We run a Python-based backend (FastAPI + Gunicorn + Nginx) with heavy background job processing using Celery. We’re looking for a senior-level AI Engineer who is equally strong in backend engineering and applied AI — capable of building production-grade systems that are fast, reliable, and maintainable.

What You’ll Do

  • Design, develop, and deploy production-grade AI-powered backend systems.
  • Integrate LLMs and traditional ML models into performant, scalable architectures.
  • Integrate and optimize vector databases for retrieval-augmented generation (RAG) pipelines and other traditional ML queries.
  • Write clean, well-structured, and testable Python code following best practices.
  • Capable of thinking about performance and ensuring optimal decision making to reduce latency.
  • Build hybrid architectures that balance LLM calls with traditional ML. 
  • Debug complex, cross-layer issues spanning backend, AI inference, and UI integration.
  • Conduct thorough dev testing before QA handoff to ensure production reliability.
  • Collaborate with product, backend, and frontend engineers to deliver cohesive solutions.

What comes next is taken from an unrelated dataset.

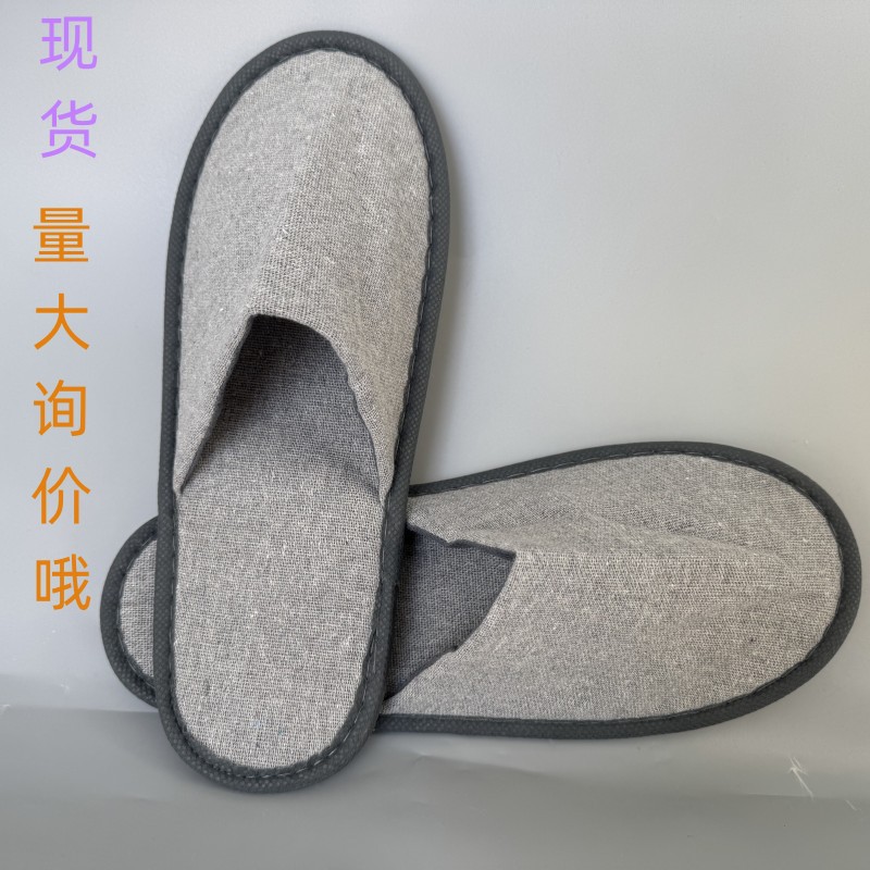 ホテル家庭用室内灰色使い捨てキャンバススリッパ6ミリ柳葉紋滑り止め底ホテルスリッパ現物

Must-Have Skills & Experience

  • 3–5+ years professional backend engineering experience in Python, FastAPI or Flask, and background processing.
  • Proven record of deploying Python applications to production (not just scripts or academic work).
  • Strong grasp of software design patterns 
  • Strong understanding of backend performance, parallel processing in background jobs and multi-threading
  • Proficiency in performance tuning specially for heavy AI models
  • Applied machine learning experience — training, evaluating, and maintaining small task-specific models.
  • Familiarity with LLM integration, prompt engineering, and context window optimization.
  • Proven ability to debug AI behavior, identify root causes, and make targeted fixes.
  • Strong testing discipline for both backend and AI components.
  • Experience with background processing with Celery or other major libraries
  • Experience with monitoring APIs and background processing 
  • Experience with ensuring visibility and error reporting. 
  • Nice to have: experience with Docker, understanding of CI/D, deployment automation and Kubernetes

Who Will Succeed in This Role

  • Independent problem solver — you can debug without constant supervision.
  • Production mindset — you understand that reliability, scalability, and maintainability matter as much as accuracy.
  • System thinker — you see backend, AI, and UI as a connected whole.

Why Join Us

  • Direct impact on the company’s competitive edge.
  • Small, fast-moving team with high autonomy.
  • Work on practical, real-world AI applications — not just research.
  • Opportunity to shape our AI architecture and best practices from the ground up.

If you’re a backend-first AI engineer who thrives in shipping production-ready systems and knows how to make AI practical, fast, and reliable — we’d love to talk.